Posted by: stevenfrisch | 17 June 2013 at 08:17 AM
Frisch, you are projecting again, and no one was ever claiming you didn't have 1st amendment rights, only that since you were lobbying, it should have been reported but not to worry... the IRS really has been looking the other way when it comes to politically correct 501(c) groups.
You have dodged the question that was in there: did you really spend less than two hours a week of your working time (5% being one measure of "substantial" in case law) lobbying against 23?
It appears to be coming close to the time when you do your Cartmanesque "screw you guys, I'm going home", so do me the favor of answering the question before heading back out.
Posted by: Gregory | 17 June 2013 at 08:56 AM
For the record, I have supported Steve Frisch's political speech. What I protest is his desire to speak as a 'private citizen' while attempting to hide his leadership of and material rewards from SBC, the political advocacy group for which he works.

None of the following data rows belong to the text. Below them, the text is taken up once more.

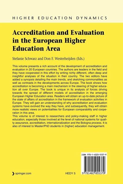 This volume presents a rich account of the development of accreditation and evaluation in 20 European countries. The authors are leaders in the field and they have cooperated in this effort by writing richly different, often deep and insightful analyses of the situation in their country. The two editors have added a synopsis detailing the main trends, and sketching commonalities as well as contrasts in the developments across Europe. The book shows how accreditation is becoming a main mechanism in the steering of higher education all over Europe. The book is unique in its analysis of forces driving towards the spread of different models of accreditation in the emerging European Higher Education area. Readers will obtain an up-to-date picture of the state of affairs of accreditation in the framework of evaluation activities in Europe. They will gain an understanding of why accreditation and evaluation systems have evolved the way they have, and subsequently, they will obtain more realistic views on potentialities for European comparability and cooperation in this area.
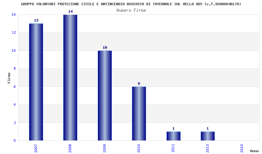 | Anno | Firme | Importi | Media | Naz. | Reg. | Prov. | Comu. |
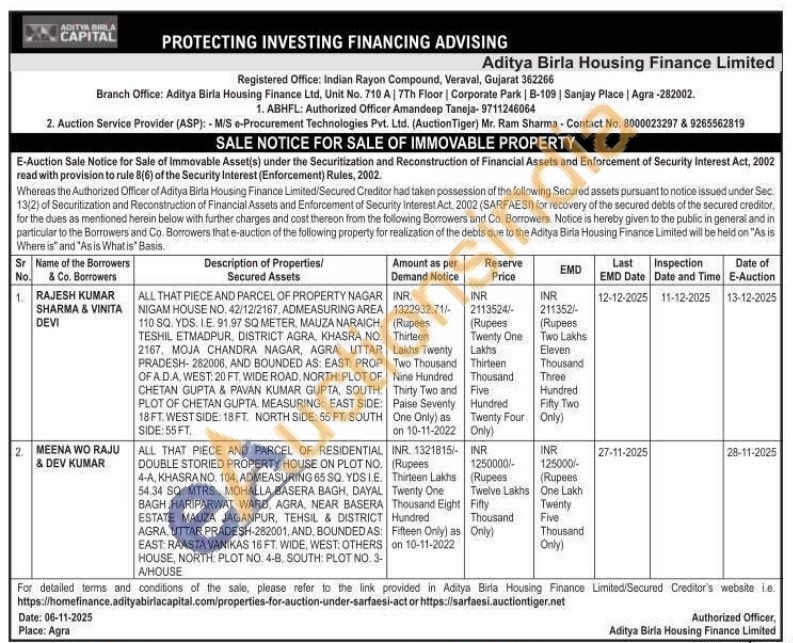 ALL THAT PIECE AND PARCEL OF PROPERTY NAGAR NIGAM HOUSE NO. 42/12/2167, ADMEASURING AREA 110 SQ. YDS. I.E. 91.97 SQ METER, MAUZA NARAICH, TESHIL ETMADPUR, DISTRICT AGRA, KHASRA NO. 2167, MOJA CHANDRA NAGAR, AGRA, UTTAR PRADESH-282006, AND BOUNDED AS: EAST: PROP OF AD.A, WEST: 20 FT. WIDE ROAD. NORTH: PLOT OF CHETAN GUPTA & PAVAN KUMAR GUPTA, SOUTH: PLOT OF CHETAN GUPTA, MEASURING: EAST SIDE: 18 FT. WEST SIDE: 18FT. NORTH SIDE: 55 FT. SOUTH SIDE: 55 FT.

And Steve, now that you've again established your high dudgeon and called everyone else a new slew of names, why don't you either calm down or go away?
Posted by: George Rebane | 17 June 2013 at 08:59 AM
George, it's simple. He has an unlimited 1st amendment right, like everyone else, but it appears when he's lobbying he doesn't do so as our local 6 figure salary 501(c)(3) CEO, so it doesn't count against his company's limited (less than 5%) right to lobby and to still keep its tax favored status.
Most CEO's don't get to pretend not to be a CEO when making public pronouncements relating to their company's business, so it's obvious... Steve is special.
Posted by: Gregory | 17 June 2013 at 09:56 AM
I side with Steve on this one. Does George give us his past contract numbers from the government every time he makes a comment on defense? I don't care what Steve does with SBC on RR. What I would like to do is eliminate SBC from participating, at least financially, in our democratic republic. I have no problem with showing up to the reps office with a presentation ready to go with lobbying. The problem lies with huge campaign fundraisers (bundlers), $20-$100k junkets, family employment, and lobbying groups writing legislation for our legislators who owe them a favor for the $200k fundraiser.
Basically we the tax payer give the energy industry billions to lobby our government for special favors annually. It is insane the way our system is set up to work at the moment.
Posted by: Ben Emery | 17 June 2013 at 07:49 PM
Basically we the taxpayer....well, we taxpayers are a slight majority in the USA now (53%-47%), destined to be a minority over a few years. Let all the non taxpayers make the rules and see what happens. In fact, legalize all the grammar school dropouts with no skills and have them help write the rules. The silver spoon taxpayers can pay for the ride. A true democracy.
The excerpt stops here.